↓↓↓

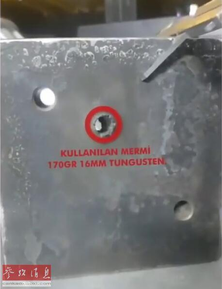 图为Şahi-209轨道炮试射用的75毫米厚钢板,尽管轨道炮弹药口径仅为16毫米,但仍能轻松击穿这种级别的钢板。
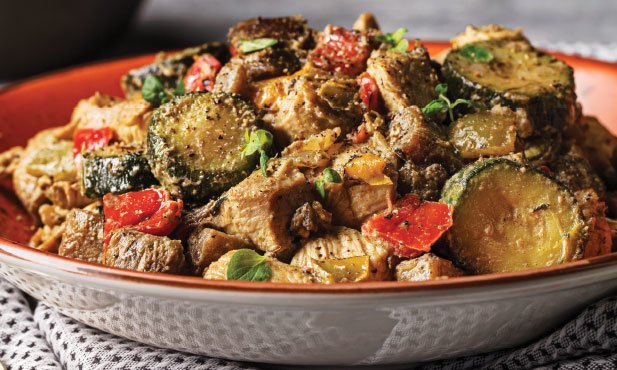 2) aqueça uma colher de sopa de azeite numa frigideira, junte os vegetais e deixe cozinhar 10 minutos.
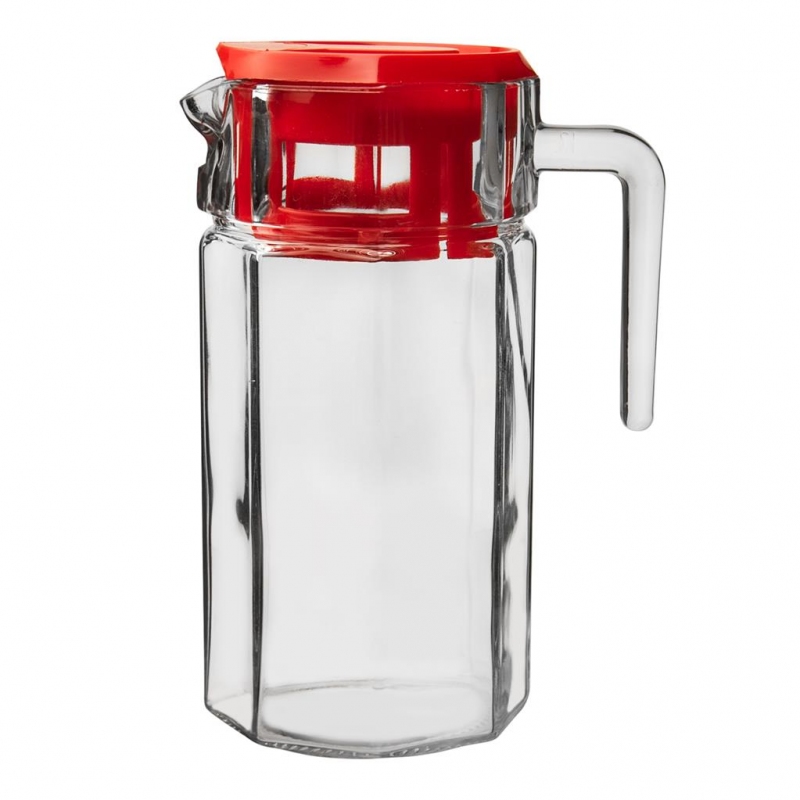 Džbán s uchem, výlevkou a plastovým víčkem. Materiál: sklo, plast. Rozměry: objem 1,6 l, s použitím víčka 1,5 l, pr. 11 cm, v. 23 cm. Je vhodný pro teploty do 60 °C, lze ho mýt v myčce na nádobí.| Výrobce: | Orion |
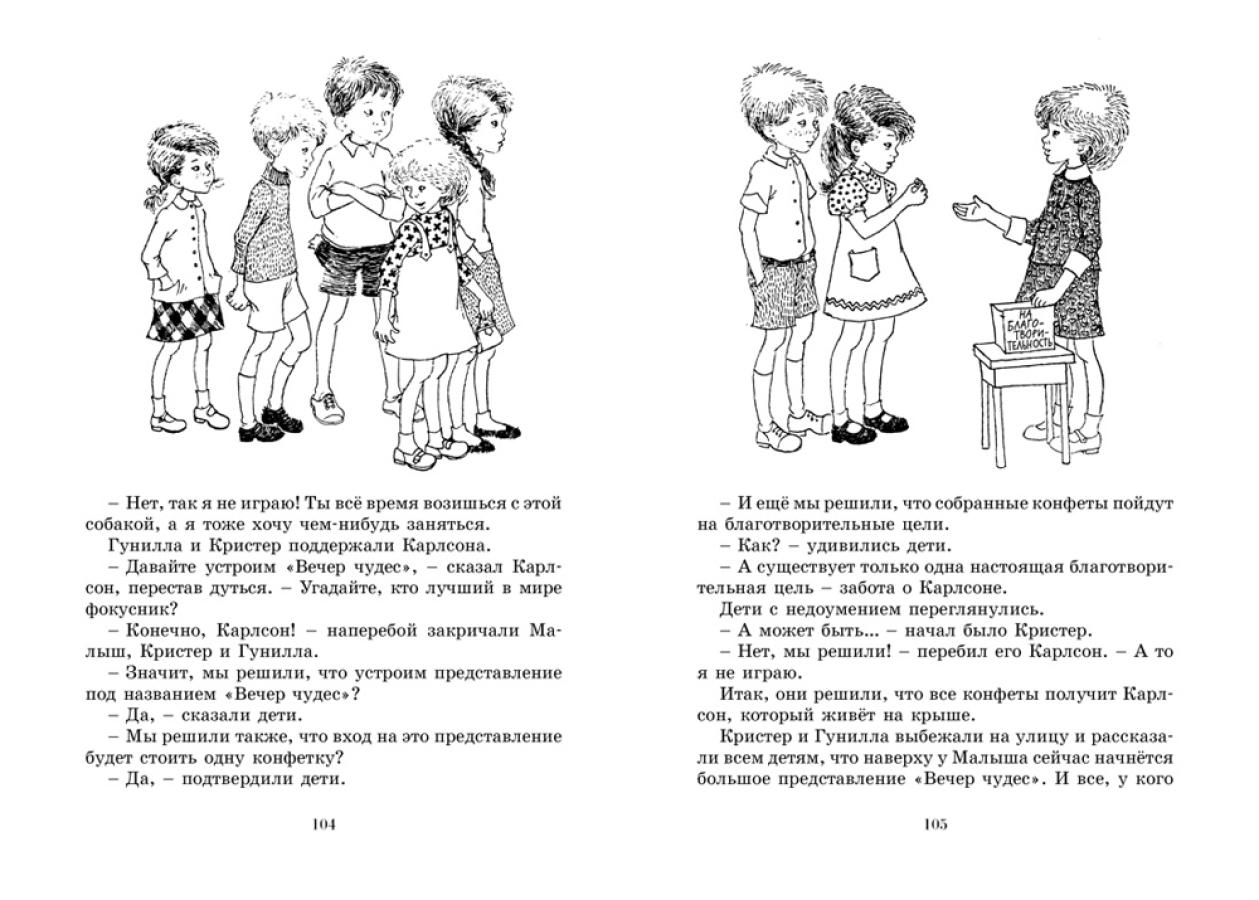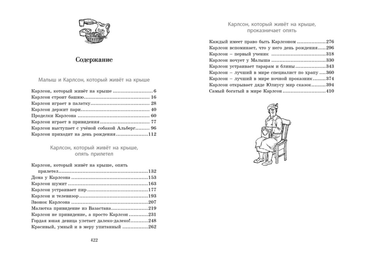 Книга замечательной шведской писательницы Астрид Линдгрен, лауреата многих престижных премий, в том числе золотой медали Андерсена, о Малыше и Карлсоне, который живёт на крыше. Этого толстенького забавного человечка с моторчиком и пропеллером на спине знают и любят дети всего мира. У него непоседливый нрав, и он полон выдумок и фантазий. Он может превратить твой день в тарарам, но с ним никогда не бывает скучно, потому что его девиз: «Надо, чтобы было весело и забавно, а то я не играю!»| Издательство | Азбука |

↑↑↑

_Directions for this task_: Pictures stay out; output the lines from the top of the listing above through the line containing "Džbán s uchem, výlevkou", exactly as they stand.

_Answer to this problem_:
 图为Şahi-209轨道炮试射用的75毫米厚钢板,尽管轨道炮弹药口径仅为16毫米,但仍能轻松击穿这种级别的钢板。
 2) aqueça uma colher de sopa de azeite numa frigideira, junte os vegetais e deixe cozinhar 10 minutos.
 Džbán s uchem, výlevkou a plastovým víčkem. Materiál: sklo, plast. Rozměry: objem 1,6 l, s použitím víčka 1,5 l, pr. 11 cm, v. 23 cm. Je vhodný pro teploty do 60 °C, lze ho mýt v myčce na nádobí.| Výrobce: | Orion |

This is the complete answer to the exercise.